Data

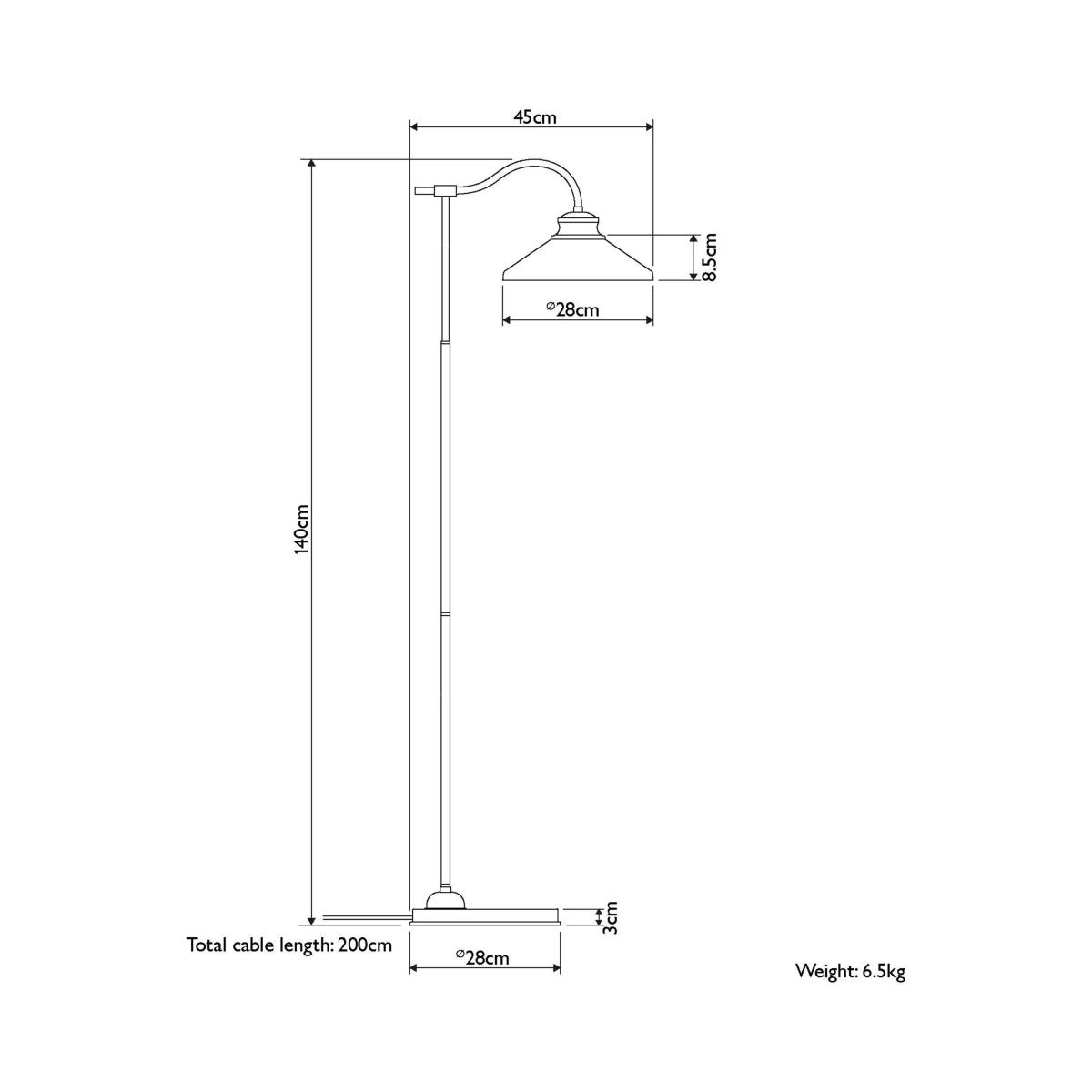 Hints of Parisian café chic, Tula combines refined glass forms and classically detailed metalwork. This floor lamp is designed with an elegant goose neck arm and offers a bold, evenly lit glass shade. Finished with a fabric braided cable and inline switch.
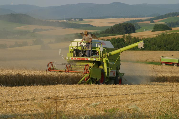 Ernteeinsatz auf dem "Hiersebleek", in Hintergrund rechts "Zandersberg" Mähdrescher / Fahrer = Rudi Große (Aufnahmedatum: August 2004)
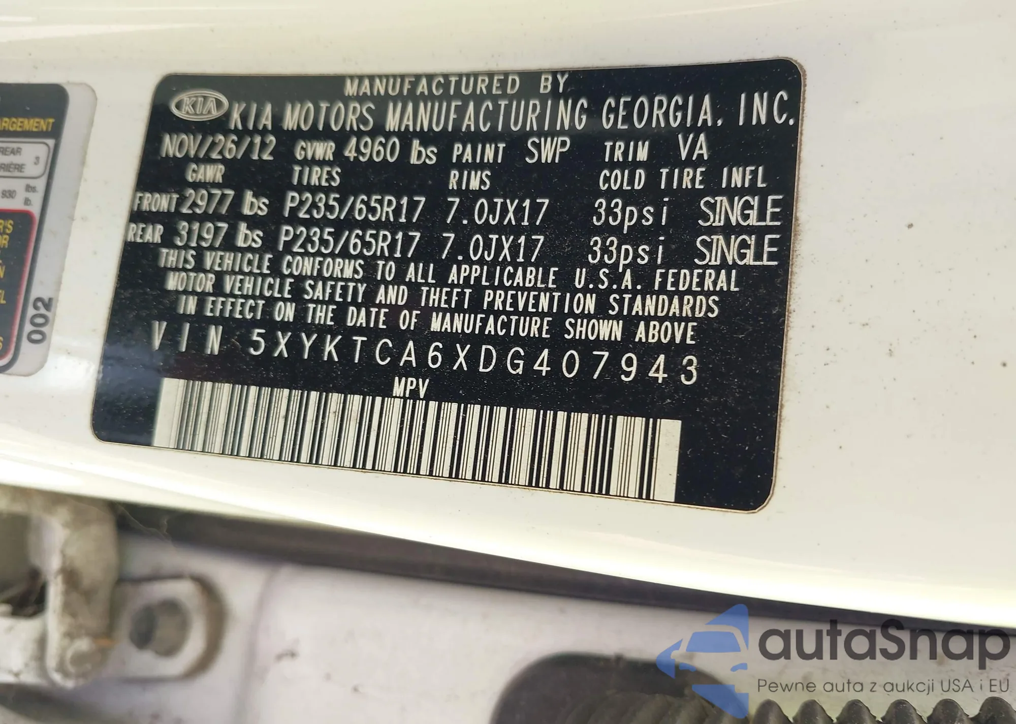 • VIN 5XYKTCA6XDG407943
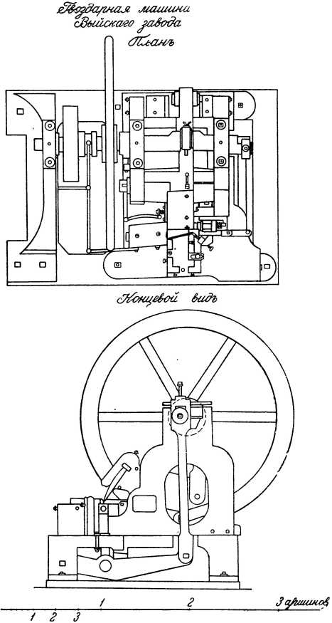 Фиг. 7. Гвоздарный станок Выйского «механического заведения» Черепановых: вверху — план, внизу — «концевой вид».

Assigned task
Take the line containing "Ernteeinsatz auf dem" and every line after it up to the end of the data, and write them out exactly, without the pictures.

Exercise response
 Ernteeinsatz auf dem "Hiersebleek", in Hintergrund rechts "Zandersberg" Mähdrescher / Fahrer = Rudi Große (Aufnahmedatum: August 2004)
 • VIN 5XYKTCA6XDG407943
 Фиг. 7. Гвоздарный станок Выйского «механического заведения» Черепановых: вверху — план, внизу — «концевой вид».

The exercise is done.